Source material —

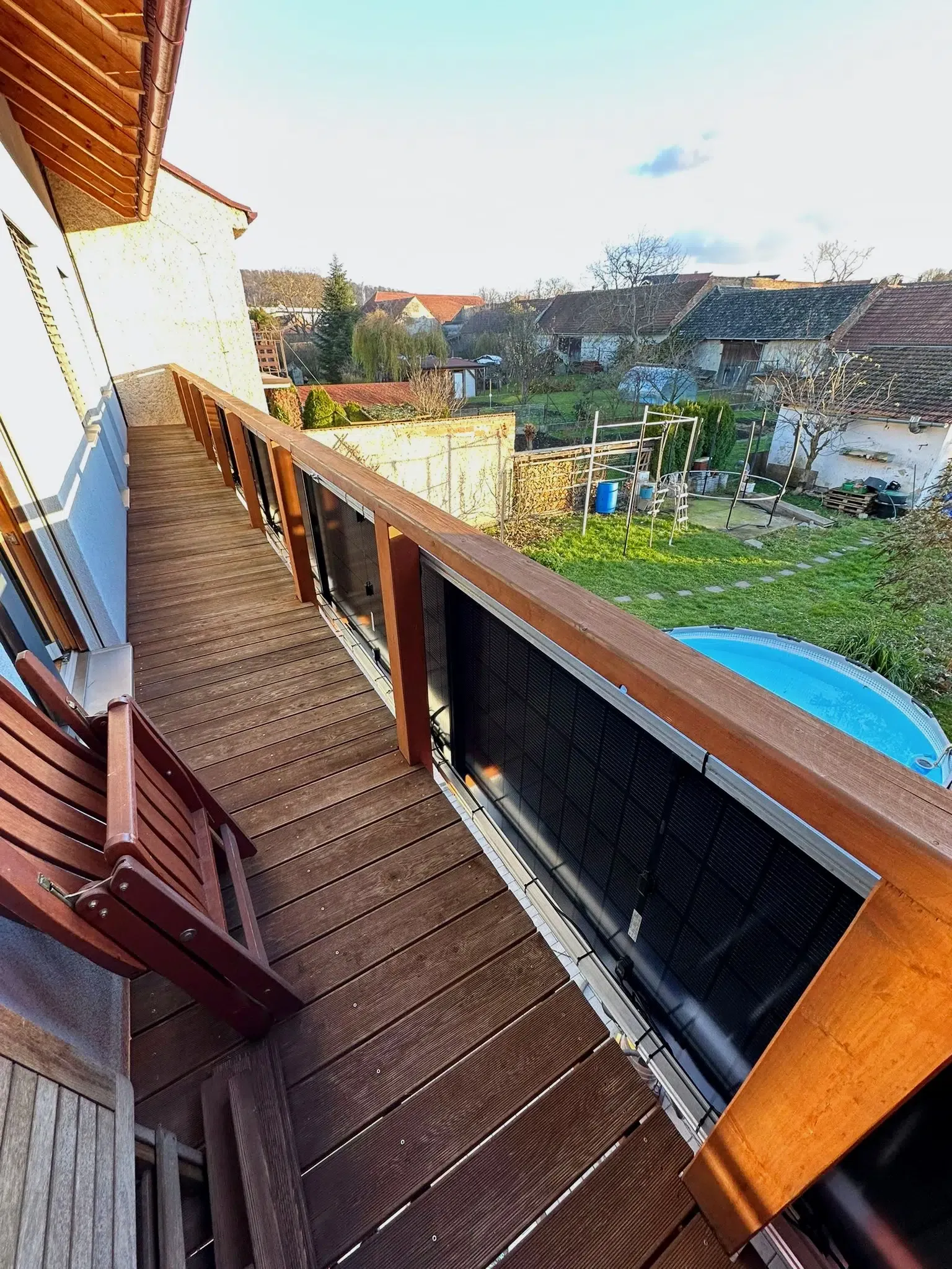 Hybridní FVE na střeše a zábradlí balkonu rodinného domu ve Veverské Bítýšce o výkonu 13,02 kWp a kapacitě akumulace 17,4 kWh. Instalované panely jsou značky AIKO, baterie a střídač značky SolaX. Elektrárna je optimalizována technologií Tigo.
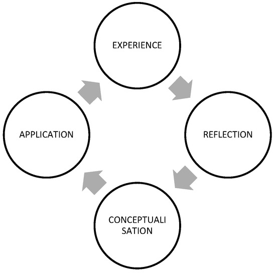 To achieve these objectives, a Living Labs School/Workshop was developed, aimed at local administration staff and agents in the construction chain. Here, a playful, experiential form of education was proposed in which participants take an active role in the learning process, applying gamification techniques that promote critical thinking in the group and empower them to action. This teaching–learning approach promotes a balance between affective (emotional), behavioural, and cognitive (knowledge-based) learning. Furthermore, learning is inductive, which means that participants come to their own conclusions about the experience and content of the Living Labs, making it easier for them to directly apply their learning to real-world situations and thus facilitating replication. To this end, the ERCA technique [25] (experience, reflection, conceptualisation, and application; represented in Figure 2) is applied, where these four stages are present in the design and deployment of the workshop and training school to complete the learning cycle within the Living Labs ecosystem of sustainable building.
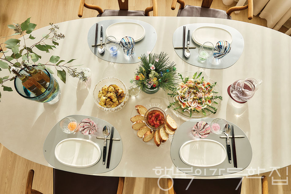 촬영 날에도 그가 테이블에 펼치는 마리아주를 경험할 수 있었다. 삶고 으깬 뒤 오븐에 한 번 더 구워 바삭함을 살린 감자는 순은 조각이 눈꽃처럼 펼쳐진 유리 볼에 담은 후 그라나 파다노 치즈를 곁들였고, 스페인 여행에서 맛보고 그 신선함에 반한 판 콘 토마테(올리브 오일에 버무린 토마토를 바게트 위에 얹어 먹는 요리)는 반짝이는 기포가 아름다운 벨 트레이에 올렸다. 연어와 루콜라의 조합이 아름다운 스모크드 샐먼 스노보드, 다양한 시즈닝을 더해 구운 우대갈비까지. 모두 손님을 초대할 때 즐겨 선보이는 대표 메뉴다.
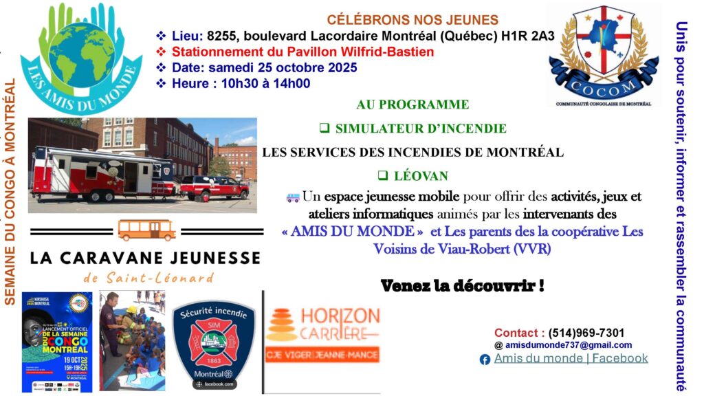 Ainsi, grâce à nos partenaires et commanditaires, nous vous invitons à célébrer la Semaine du Congo Montréal, qui se déroulera du 19 au 26 octobre 2025.
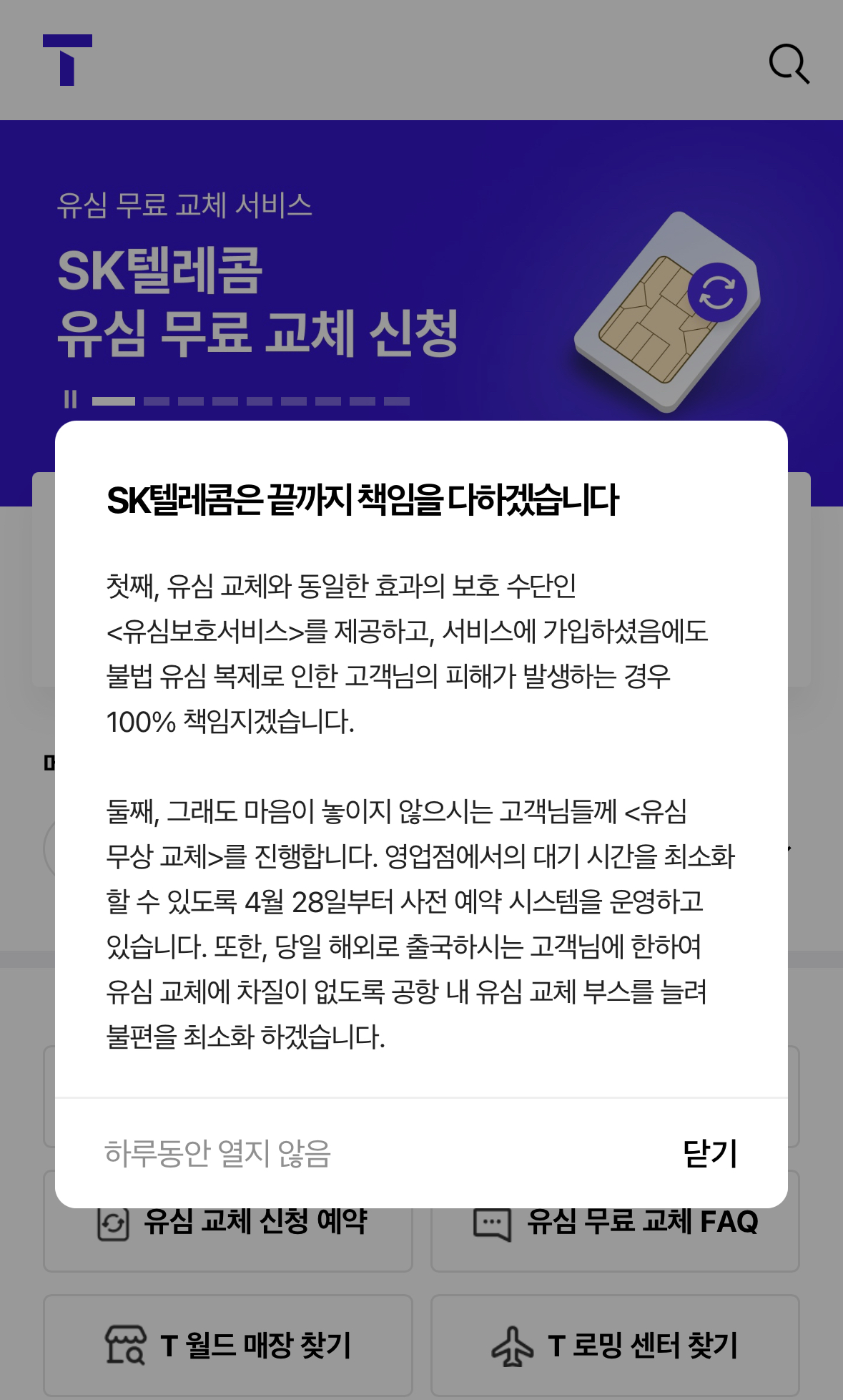 이제는 유심보호서비스 가입 신청만해도 해킹 피해를 100% SKT가 보상해 준다는 내용을 담고 있어요.
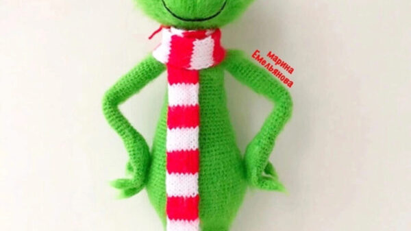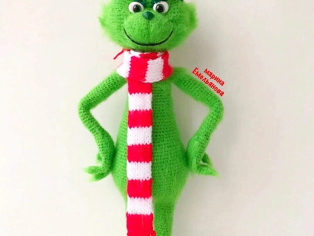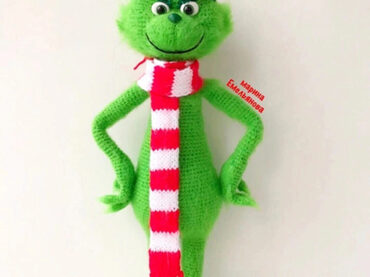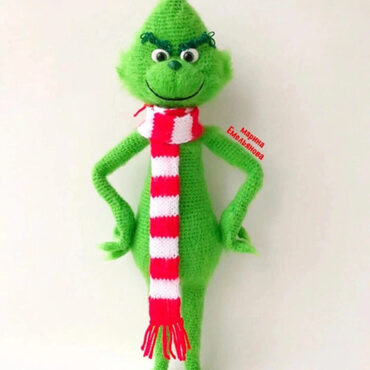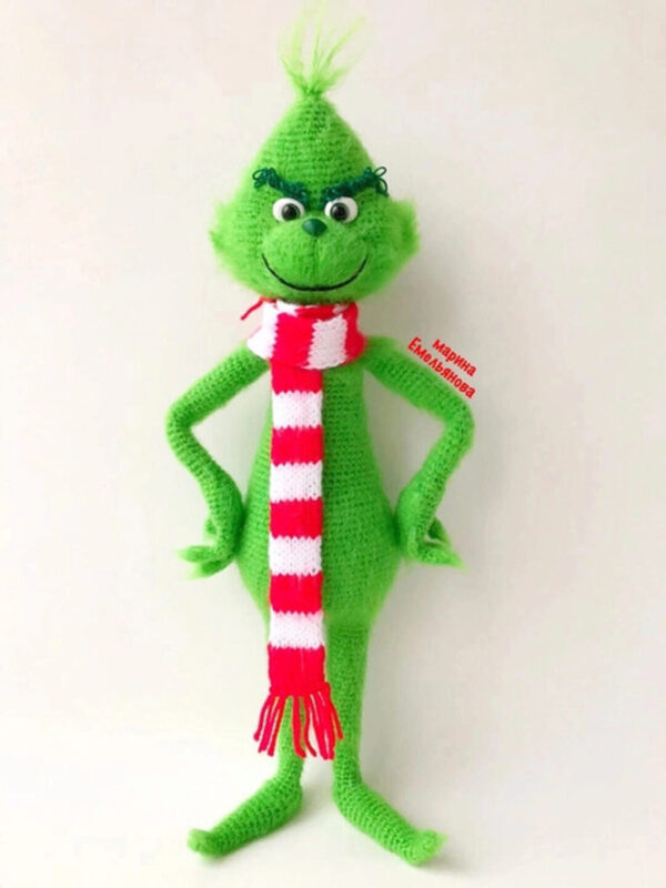 Игрушка имеет проволочный каркас. При вязании из заявленной мною пряжей и средней плотности вязания игрушка получится 33см.

Task instructions — Write out exactly the lines of the material above, starting with the first and finishing with the line that contains "Ainsi, grâce à", without pictures.

Result —
 Hybridní FVE na střeše a zábradlí balkonu rodinného domu ve Veverské Bítýšce o výkonu 13,02 kWp a kapacitě akumulace 17,4 kWh. Instalované panely jsou značky AIKO, baterie a střídač značky SolaX. Elektrárna je optimalizována technologií Tigo.
 To achieve these objectives, a Living Labs School/Workshop was developed, aimed at local administration staff and agents in the construction chain. Here, a playful, experiential form of education was proposed in which participants take an active role in the learning process, applying gamification techniques that promote critical thinking in the group and empower them to action. This teaching–learning approach promotes a balance between affective (emotional), behavioural, and cognitive (knowledge-based) learning. Furthermore, learning is inductive, which means that participants come to their own conclusions about the experience and content of the Living Labs, making it easier for them to directly apply their learning to real-world situations and thus facilitating replication. To this end, the ERCA technique [25] (experience, reflection, conceptualisation, and application; represented in Figure 2) is applied, where these four stages are present in the design and deployment of the workshop and training school to complete the learning cycle within the Living Labs ecosystem of sustainable building.
 촬영 날에도 그가 테이블에 펼치는 마리아주를 경험할 수 있었다. 삶고 으깬 뒤 오븐에 한 번 더 구워 바삭함을 살린 감자는 순은 조각이 눈꽃처럼 펼쳐진 유리 볼에 담은 후 그라나 파다노 치즈를 곁들였고, 스페인 여행에서 맛보고 그 신선함에 반한 판 콘 토마테(올리브 오일에 버무린 토마토를 바게트 위에 얹어 먹는 요리)는 반짝이는 기포가 아름다운 벨 트레이에 올렸다. 연어와 루콜라의 조합이 아름다운 스모크드 샐먼 스노보드, 다양한 시즈닝을 더해 구운 우대갈비까지. 모두 손님을 초대할 때 즐겨 선보이는 대표 메뉴다.
 Ainsi, grâce à nos partenaires et commanditaires, nous vous invitons à célébrer la Semaine du Congo Montréal, qui se déroulera du 19 au 26 octobre 2025.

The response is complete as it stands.